▸ EXERCISE DESCRIPTION:
Please write out all the data that follows exactly, without the pictures.

▸ DATASET CONTENT:
====

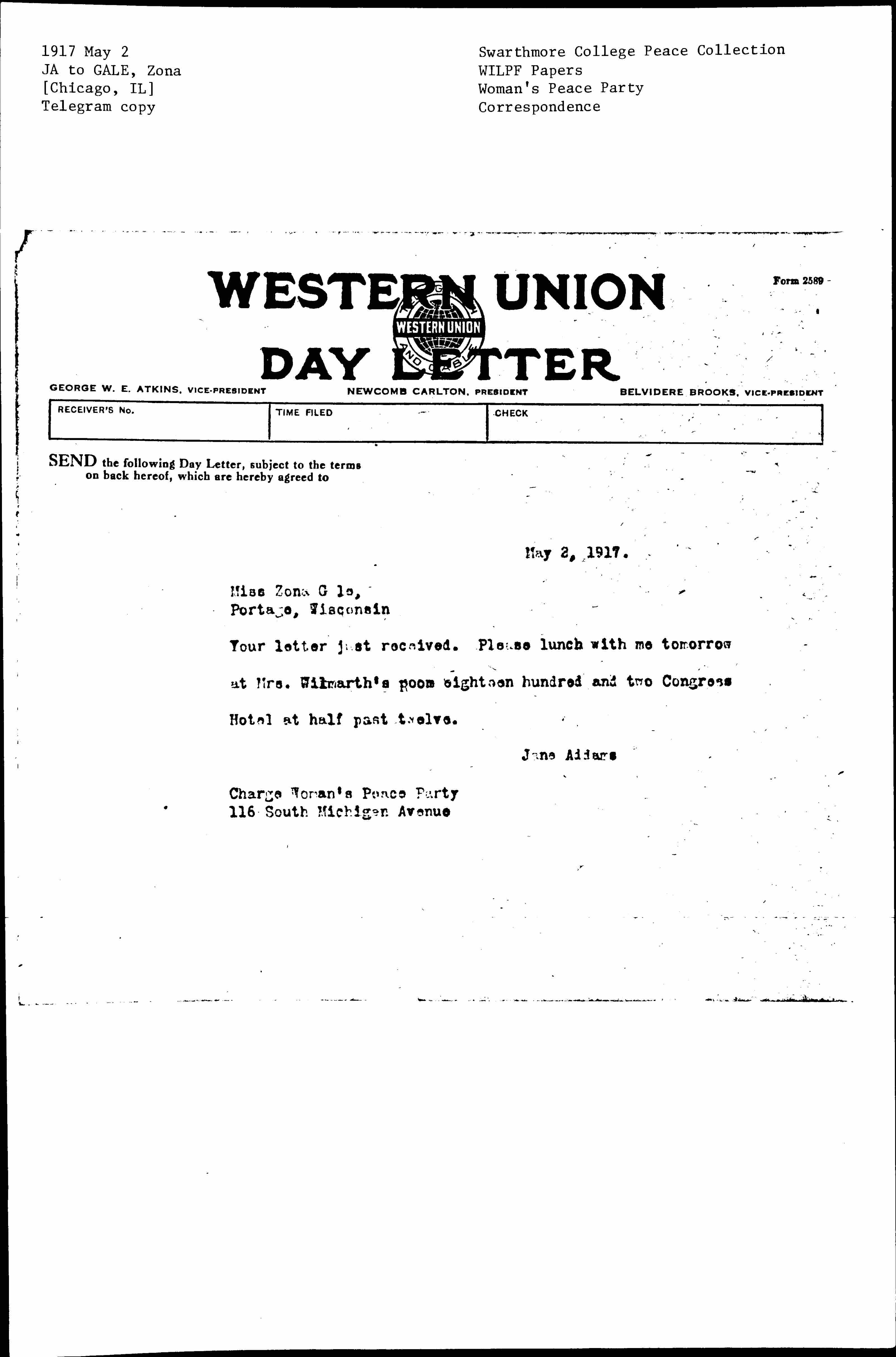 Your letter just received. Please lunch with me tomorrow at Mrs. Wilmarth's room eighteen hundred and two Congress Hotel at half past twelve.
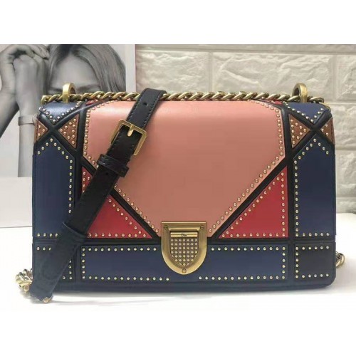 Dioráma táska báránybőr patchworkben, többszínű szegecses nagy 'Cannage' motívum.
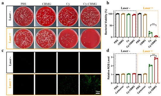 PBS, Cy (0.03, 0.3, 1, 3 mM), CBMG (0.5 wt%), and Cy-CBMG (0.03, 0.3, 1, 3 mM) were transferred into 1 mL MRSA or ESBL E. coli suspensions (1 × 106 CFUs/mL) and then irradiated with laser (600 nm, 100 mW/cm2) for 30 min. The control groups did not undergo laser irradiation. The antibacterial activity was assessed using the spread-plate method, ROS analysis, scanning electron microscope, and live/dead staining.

====

▸ SOLUTION TO THIS EXERCISE:
 Your letter just received. Please lunch with me tomorrow at Mrs. Wilmarth's room eighteen hundred and two Congress Hotel at half past twelve.
 Dioráma táska báránybőr patchworkben, többszínű szegecses nagy 'Cannage' motívum.
 PBS, Cy (0.03, 0.3, 1, 3 mM), CBMG (0.5 wt%), and Cy-CBMG (0.03, 0.3, 1, 3 mM) were transferred into 1 mL MRSA or ESBL E. coli suspensions (1 × 106 CFUs/mL) and then irradiated with laser (600 nm, 100 mW/cm2) for 30 min. The control groups did not undergo laser irradiation. The antibacterial activity was assessed using the spread-plate method, ROS analysis, scanning electron microscope, and live/dead staining.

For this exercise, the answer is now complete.